Saltar a contenido

Storage

Data Storage Internals, Checkpoints and Renaming Streaming Tables and Views

Here’s a detailed explanation of how Delta Live Tables (DLT) handles storage for streaming tables, pipeline dependency, and renaming behavior:


1. Where is data for streaming tables stored?

  • Streaming tables in DLT are stored as Delta tables on the Databricks File System (DBFS) or your cloud storage configured for the pipeline, e.g., S3, ADLS Gen2, or GCS.
  • Every streaming table has a physical Delta table location, even though you define it declaratively in DLT.
  • The storage location is typically managed by the DLT pipeline, but you can explicitly configure it in advanced pipeline settings.

Key points:

  • Incremental state (processed offsets, checkpoints) is stored in _system-managed checkpoints within the pipeline’s storage path.
  • Upserts and merges are persisted in the Delta table itself.
  • Data retention and compaction follow normal Delta table rules.

2. Is storage dependent on the pipeline?

Yes, partially:

  • Pipeline-specific storage: Each DLT pipeline manages its own metadata and checkpoints for the streaming tables it owns.
  • Shared tables: If multiple pipelines reference the same Delta table (e.g., using LIVE.<table_name>), the physical Delta table is shared, but each pipeline maintains its own lineage and state metadata.

Implication:

  • Deleting a pipeline does not delete the underlying Delta table automatically, unless you explicitly choose managed tables.
  • Changing pipelines (like moving a table to a different pipeline) requires careful handling to avoid breaking downstream dependencies.

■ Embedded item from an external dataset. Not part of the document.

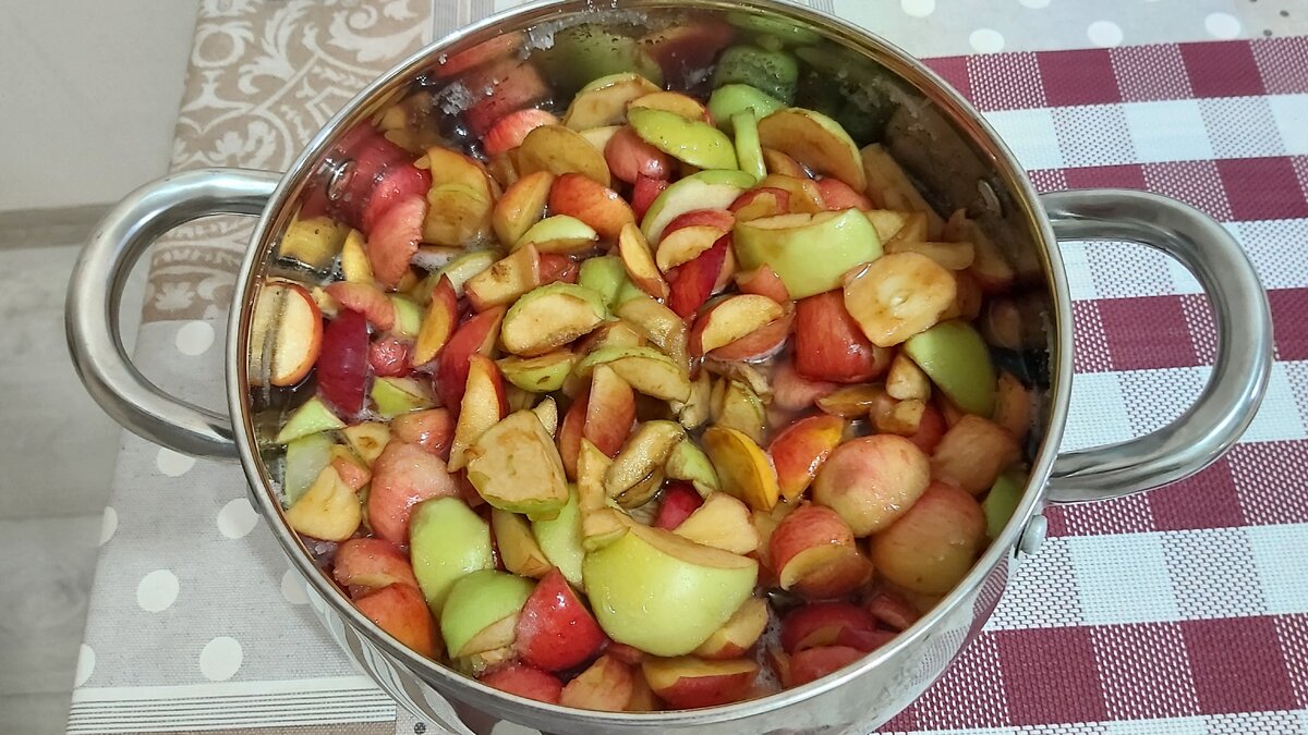 Добрый день! Все мы помним из детства вкус яблочного повидла, которое приготовила мама или бабушка, то что сейчас продают в магазине отличается и вкусом, и консистенцией. Так давайте приготовим вместе этот не сложный десерт. Для приготовления нам понадобится: Яблоки или ранетки уже без сердцевины - 3кг Сахар - 2.5 кг Лимонный сок - 1 ст.л Яблоки необходимо обрезать с 4х сторон, так получается быстрее, чем если вырезать сердцевину. Блендером измельчить яблоки до состояния пюре, добавляем лимонный сок, сложить в емкость, в которой будем варить повидло и засыпать сахаром на ночь или, хотя бы, часа на 4. После того как яблочное пюре дало сок, перемешиваем и ставим вариться на средний огонь на плиту, переодически помешивая. После того как повидло начало плюхать, варим еще 20 минут. Подготавливаем заранее простерилизованные банки и разливаем получившуюся консистенцию. Повидло получается густое без всяких добавок и консервантов. На такой объем продуктов получается 3.7л. настоящего вкусного

3. What happens when we rename streaming tables?

  • DLT does not support a “rename” operation in place for streaming tables.
  • If you rename a table in DLT:

  • The new table name points to a new managed object in the pipeline.

  • The underlying Delta data is copied or remapped depending on configuration.
  • Any downstream references (LIVE.<old_name>) break unless you update them to the new name.
  • Best practice:

  • Avoid renaming streaming tables in active pipelines.

  • If renaming is needed, create a new table with the desired name and point downstream materialized views or pipelines to it.

4. Practical Notes / Recommendations

Aspect Recommendation
Storage Let DLT manage default Delta table locations unless you need a custom path.
Pipeline dependency Be aware that streaming tables are tied to pipeline metadata (checkpoints, lineage).
Renaming Prefer creating a new table and updating downstream references; avoid in-place renames for live pipelines.
Backup If renaming or moving, snapshot or backup Delta tables to avoid data loss.

Summary:

  1. Streaming tables always persist data as Delta tables in the pipeline’s storage.
  2. Storage and checkpoints are pipeline-dependent, but the data itself can be shared.
  3. Renaming a streaming table breaks dependencies; best approach is to create a new table instead of renaming.